I mentioned that Bowling Green is home to the Corvette plant and has a good Corvette
Museum next to it, but Tom didn’t seem to have any interest in going there, so we
passed by and continued on to Nashville.
We skirted Nashville on the Briley Parkway, which goes past the new Grand Ole Opry
Theater, because I wanted to see what damage the earlier floods had done there. It was
extensive, and a lot of rebuilding was going on. All of the large stores that flank the
theater were also closed and looked horrible.
The day seemed to be one of missed opportunities. We wanted to visit a distillery that I
knew was just off I-24 between Nashville and Chattanooga, but somehow we drove on
past the exit and never saw the sign for it. Due to the lack of touring, we arrived at our
destination, Chattanooga, at 4 PM.
I had reserved a room at a hotel west of town, due to its proximity to some optional
sights, Ruby Falls and Rock City. I knew both to be privately owned enterprises up on
Lookout Mountain, so I wasn’t too disappointed to learn that Tom wasn’t in the mood to
go see more attractions. I still had one place to visit, however, so I left him at the motel
room and started a solo quest.
http://www.roadtripamerica.com/photo..._Canyon_SP.jpg
Cloudland Canyon State Park is rather remote and caters to campers and hikers
more than road trippers. It certainly is pretty though.

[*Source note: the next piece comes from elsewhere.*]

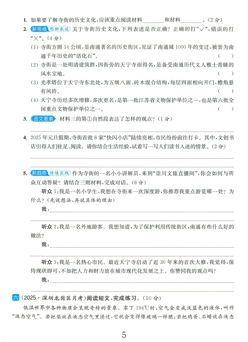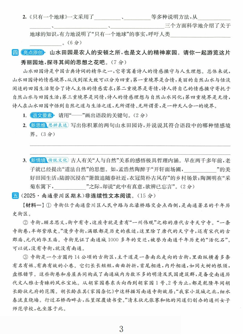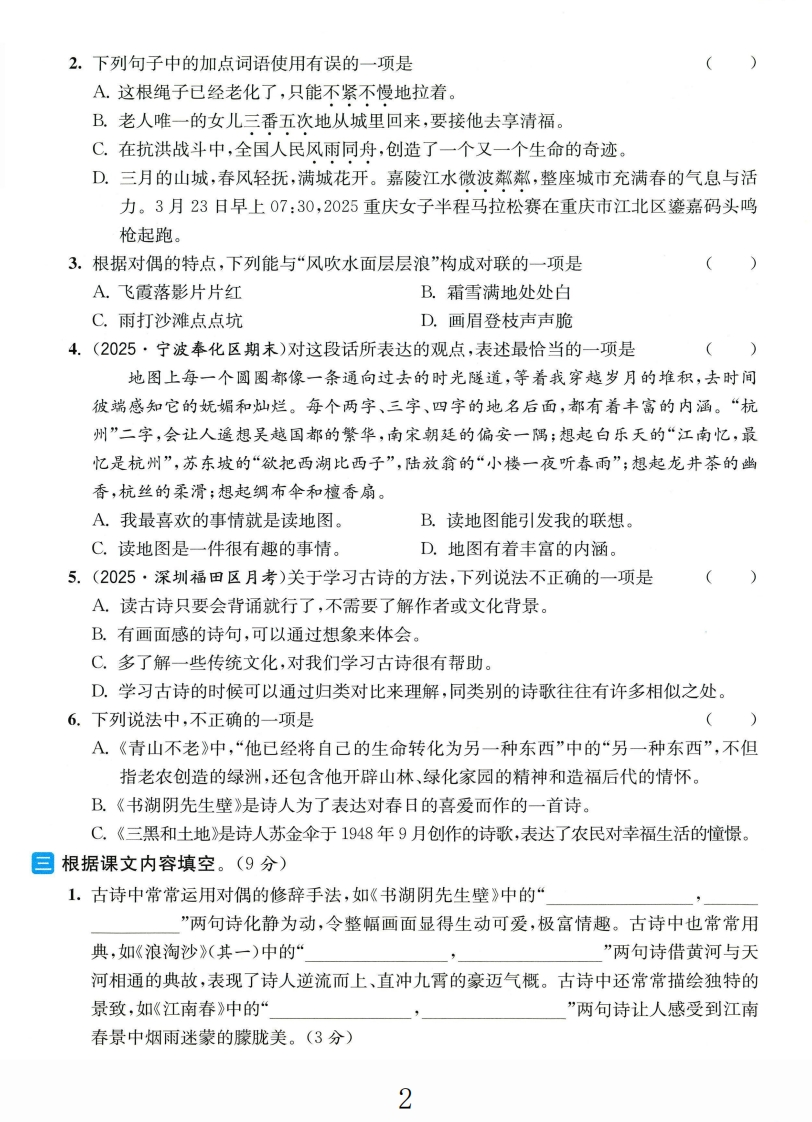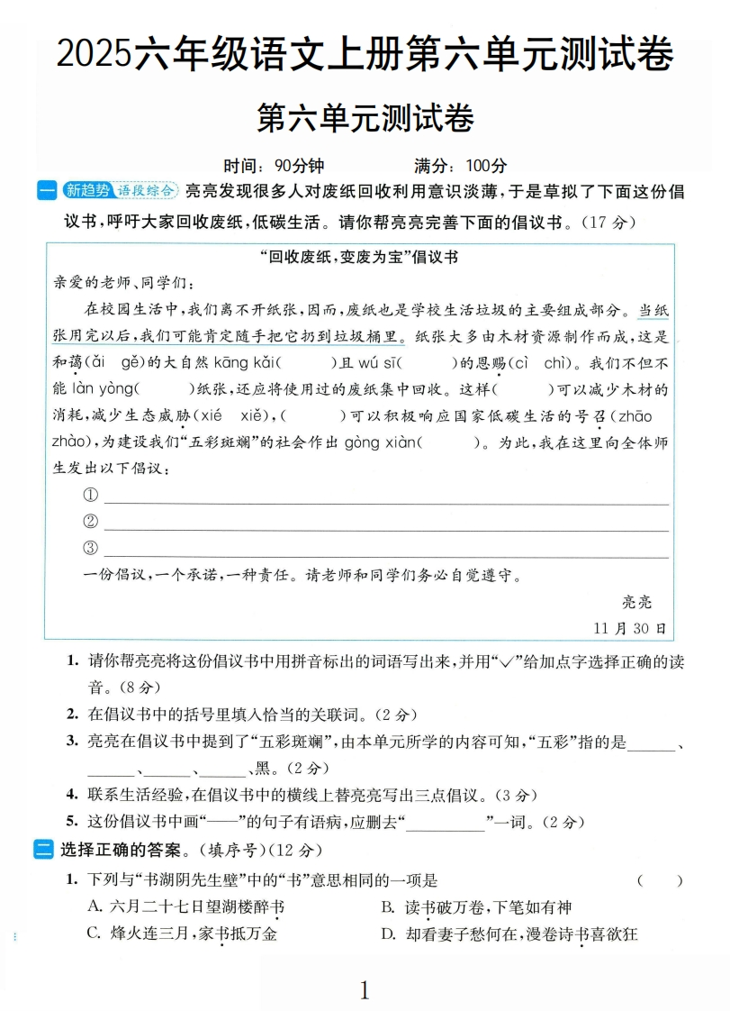 2025六年级语文上册第六单元测试卷第六单元测试卷时间:90分钟满分:100分新趋势语段综合)亮亮发现很多人对废纸回收利用意识淡薄,于是草拟了下面这份倡议书,呼吁大家回收废纸,低碳生活。请你帮亮亮完善下面的倡议书。(17分)“回收废纸,变废为宝”倡议书亲爱的老师、同学们:在校园生活中,我们离不开纸张,因而,废纸也是学校生活垃圾的主要组成部分。当纸张用完以后,我们可能肯定随手把它扔到垃圾桶里。纸张大多由木材资源制作而成,这是和蔼(igě)的大自然kang kai()且wúsi()的恩赐(ci chi)。我们不但不能Ianyòng()纸张,还应将使用过的废纸集中回收。这样()可以减少木材的消耗,减少生态威胁(x怕xě),()可以积极响应国家低碳生活的号召(zhā0zhào),为建设我们“五彩斑斓”的社会作出gòngxiàn()。为此,我在这里向全体师生发出以下倡议:①②③一份倡议,一个承诺,一种责任。请老师和同学们务必自觉遵守。亮亮11月30日1.请你帮亮亮将这份倡议书中用拼音标出的词语写出来,并用“√”给加点字选择正确的读音。(8分)2.在倡议书中的括号里填入恰当的关联词。(2分)3.亮亮在倡议书中提到了“五彩斑斓”,由本单元所学的内容可知,“五彩”指的是、黑。(2分)4.联系生活经验,在倡议书中的横线上替亮亮写出三点倡议。(3分)5.这份倡议书中画“一”的句子有语病,应删去“”一词。(2分)日选择正确的答案。(填序号)(12分)1.下列与“书湖阴先生壁”中的“书”意思相同的一项是A.六月二十七日望湖楼醉书B.读书破万卷,下笔如有神C.烽火连三月,家书抵万金D.却看妻子愁何在,漫卷诗书喜欲狂1

My destination turned out to be a little farther away than I thought. I drove for miles over
a two-lane highway to get to a Georgia state park named Cloudland Canyon. The name
implied a high and scenic place, and it didn’t disappoint on that score. The only flaw I
found is that it is a park for hikers and campers, neither of which I am. There appeared
to be only one overlook in the park accessible by road. The rest was for to hikers only.
It is beautiful and pretty wild looking, though, so it was worth the time and effort to see it.
Once I got back to the hotel, were able to go downtown to get a nice early dinner. We
found a nice Italian/American restaurant on Broad Street, the Bluewater Grill, and both
had excellent meals at a reasonable price.
We were back at the hotel by dusk, and I actually retired early for the first time on the
entire trip. Tomorrow is an easy day with a five-hour drive to get back home, so with that
on the agenda, I am wrapping up this trip journal. It has been fun and we saw most of
what we had planned. I think we got along well, and I certainly appreciated having Tom
along to converse with and to share the scenery as well as the expenses.
Oh yes, I’m already in the late planning stages for another trip this summer with my wife.
We’re heading out west again. This will be a two-week sojourn to at least two places we
never have seen before, Capitol Reef and El Malpais National Parks. I’ll journal that
one, too.
http://www.roadtripamerica.com/photo...ve_Cricket.jpg
We did see some wildlife in Mammoth Cave. Here is a cave cricket. I wonder if he
had a tiny camera and was taking my picture at the same time.
http://www.roadtripamerica.com/photo...e_Grafitti.jpg
Before mammoth Cave became a national park, the owner used to allow people to
pay him to etch their names or other graffiti in the cave. Here is some of that. You
can see that a Perdue Boilermaker was here in 1926. Today, of course, the policy
is “Leave only footprints, take only memories.”